• Problem description:
Please return the listing below word for word, minus its pictures.
** Given information follows **
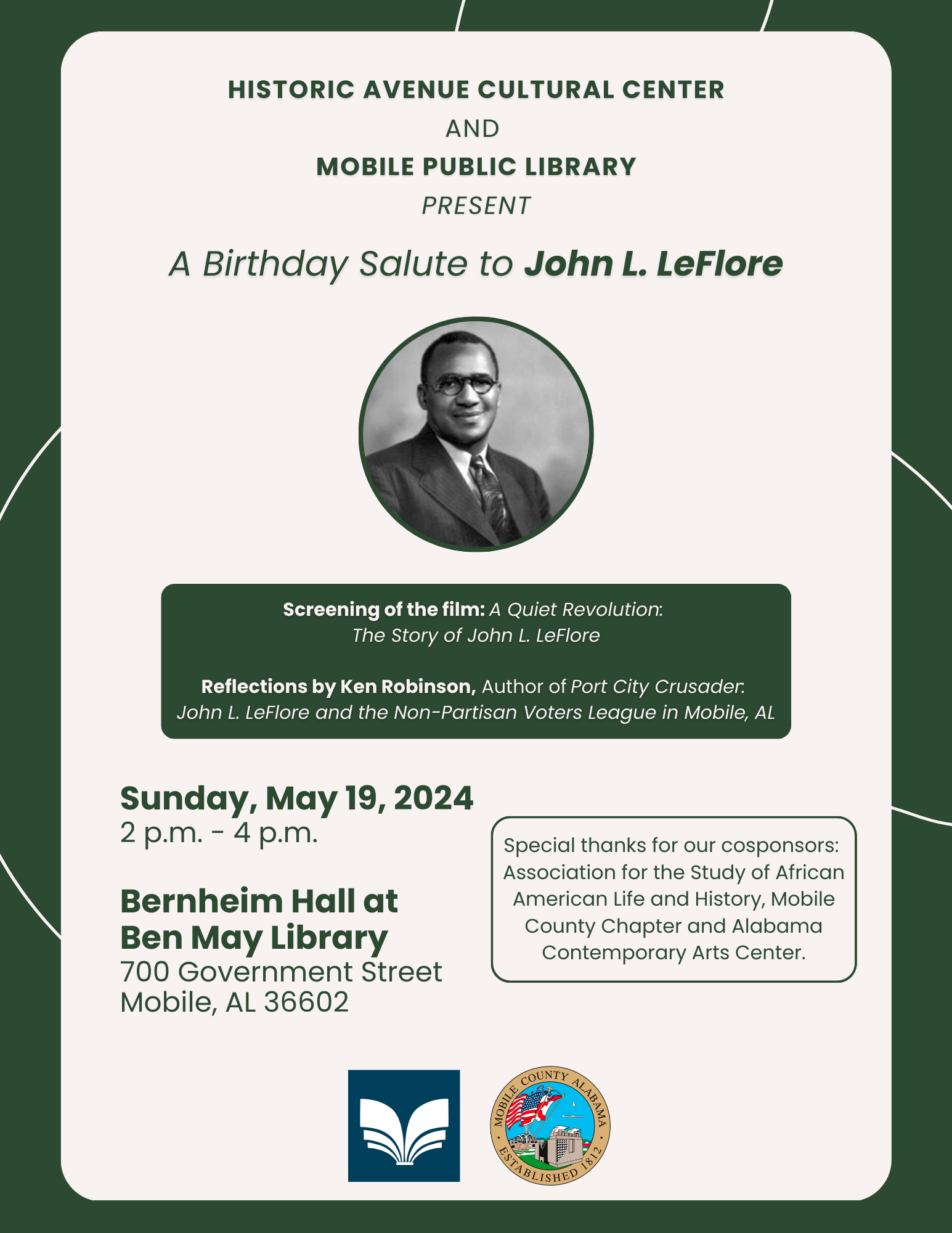 The Historic Avenue Cultural Center has teamed up with the Mobile Public Library to celebrate one of Mobile’s most influential Civil Rights leaders, John L. LeFlore, on his 121st birthday. On Sunday, May 19, from 2 to 4 p.m., the public is invited to honor LeFlore and his legacy with a screening of the documentary film, A Quiet Revolution: The John L. LeFlore Story, at the Ben May Main Branch’s Bernheim Hall.
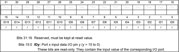 该寄存器低16位有效,分别对应每一组GPIO的16个引脚。当CPU访问该寄存器,如果对应的某位为0(IDRy=0),则说明该IO口输入的是低电平,如果是1(IDRy=1),则表示输入的是高电平,y=0~15。
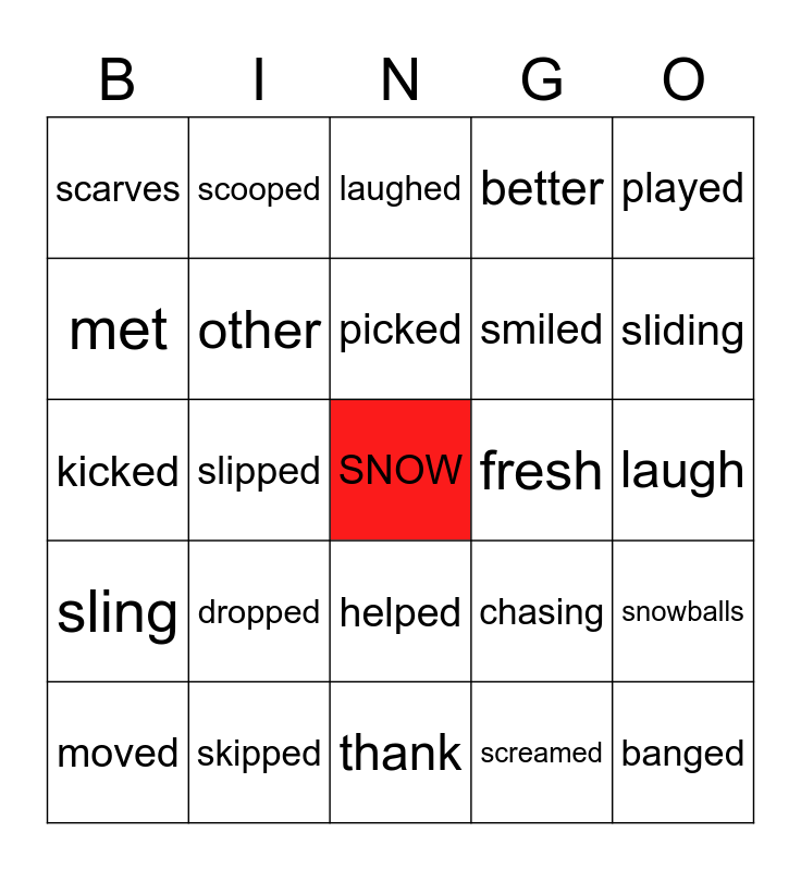 This bingo card has a free space and 24 words: dropped, skipped, picked, moved, played, scarves, met, scooped, fresh, helped, smiled, kicked, chasing, snowballs, other, screamed, laugh, laughed, sliding, slipped, banged, sling, better and thank.
** End of Given information **
• Result of the exercise:
 The Historic Avenue Cultural Center has teamed up with the Mobile Public Library to celebrate one of Mobile’s most influential Civil Rights leaders, John L. LeFlore, on his 121st birthday. On Sunday, May 19, from 2 to 4 p.m., the public is invited to honor LeFlore and his legacy with a screening of the documentary film, A Quiet Revolution: The John L. LeFlore Story, at the Ben May Main Branch’s Bernheim Hall.
 该寄存器低16位有效,分别对应每一组GPIO的16个引脚。当CPU访问该寄存器,如果对应的某位为0(IDRy=0),则说明该IO口输入的是低电平,如果是1(IDRy=1),则表示输入的是高电平,y=0~15。
 This bingo card has a free space and 24 words: dropped, skipped, picked, moved, played, scarves, met, scooped, fresh, helped, smiled, kicked, chasing, snowballs, other, screamed, laugh, laughed, sliding, slipped, banged, sling, better and thank.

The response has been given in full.